Dr. Enderby looked very grave. “There is no hurry about that,” he said, “let her have a little more time. The Signor must be content to wait.”

Now Lottie had said, and they all had said, that her voice was gone; but when the doctor’s face grew so grave, a cold chill struck to their hearts. She gave him a startled look of alarmed inquiry, she who had suddenly realised, now that all dreams were over, that question of existence which is the primitive question in this world. Before happiness, before love, before everything that makes life lovely, this mere ignoble foundation of a living, must come. When one is young, as Lottie said, one cannot die at one’s own pleasure—and suddenly, just as she had got to realise that necessity, was it possible that this other loss was really coming too? She looked at him with anxious eyes, but he would not look at her, to give her any satisfaction; then she laid her hand softly on his arm.

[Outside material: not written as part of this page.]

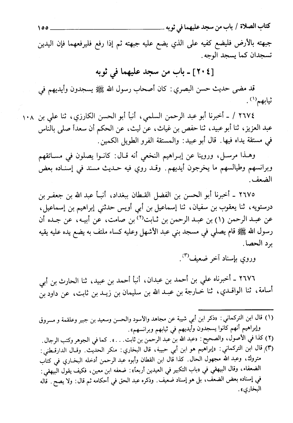 2674 - أَخْبَرَنَا أَبُو عَبْدِ الرَّحْمَنِ السُّلَمِيُّ، أنبأ أَبُو الْحَسَنِ الْكَارِزِيُّ، ثنا عَلِيُّ بْنُ عَبْدِ الْعَزِيزِ، ثنا أَبُو عُبَيْدٍ، ثنا حَفْصُ بْنُ غِيَاثٍ، عَنْ لَيْثٍ، عَنِ الْحَكَمِ، أَنَّ سَعْدًا، §" صَلَّى بِالنَّاسِ فِي مُسْتُقَةٍ يَدَاهُ فِيهَا " قَالَ أَبُو عُبَيْدٍ: وَالْمُسْتُقَةُ: الْفَرْوُ الطَّوِيلُ الْكُمَّيْنِ. وَهَذَا مُرْسَلٌ وَرُوِّينَا عَنْ إِبْرَاهِيمَ النَّخَعِيِّ أَنَّهُ قَالَ: " كَانُوا يُصَلُّونَ فِي مَسَاتِقِهِمْ وَبَرَانِسِهِمْ وَطَيَالِسِهِمْ مَا يُخْرِجُونَ أَيْدِيَهُمْ " وَقَدْ رُوِيَ فِيهِ حَدِيثٌ مُسْنَدٌ، فِي إِسْنَادِهِ بَعْضُ الضَّعْفِ

“Doctor,” she said, “tell me true—tell me the worst there is to tell. Shall I never have my voice again? is it gone, gone?”

“We must not ask such searching questions,” said the doctor, with a smile. “We don’t know anything about never in our profession. We know to-day, and perhaps to-morrow—something about them—but no more.

He tried to smile, feeling her gaze upon him, and made light of her question. But Lottie was not to be evaded. All the little colour there was ebbed out of her face.

“Shall I never sing again?” she said. “No—that is not what I mean; shall I never be able to sing as I did once? Is it over? Oh, Doctor, tell me the truth, is that over too?”

They were all surrounding him with anxious faces. The doctor got up hurriedly and told them he had an appointment. “Do not try to sing,” he said, “my dear,” patting her on the shoulder. “It will be better for you, for a long time, if you do not even try;” and before anyone could speak again he had escaped, and was hurrying away.

When he was gone, Lottie sat still, half stupefied, yet quivering with pain and the horror of a new discovery. She could not speak at first. She looked round upon them with trembling lips, and great tears in her eyes. Then all at once she slid down upon her knees at Mrs. Temple’s feet.

“Now all is gone,” she said, “all is gone—not even that is left. Take me for your servant instead of the one that is going away. I can work—I am not afraid to work. I know all the work of a house. Let me be your servant instead of the one who is going away.”

“Oh, Lottie, hush, hush! are you not my child?” said Mrs. Temple, with a great outcry of weeping, clasping her shoulders and drawing the upturned face to her breast. But Lottie insisted gently and kept her position. In this thing at least she was not to be balked.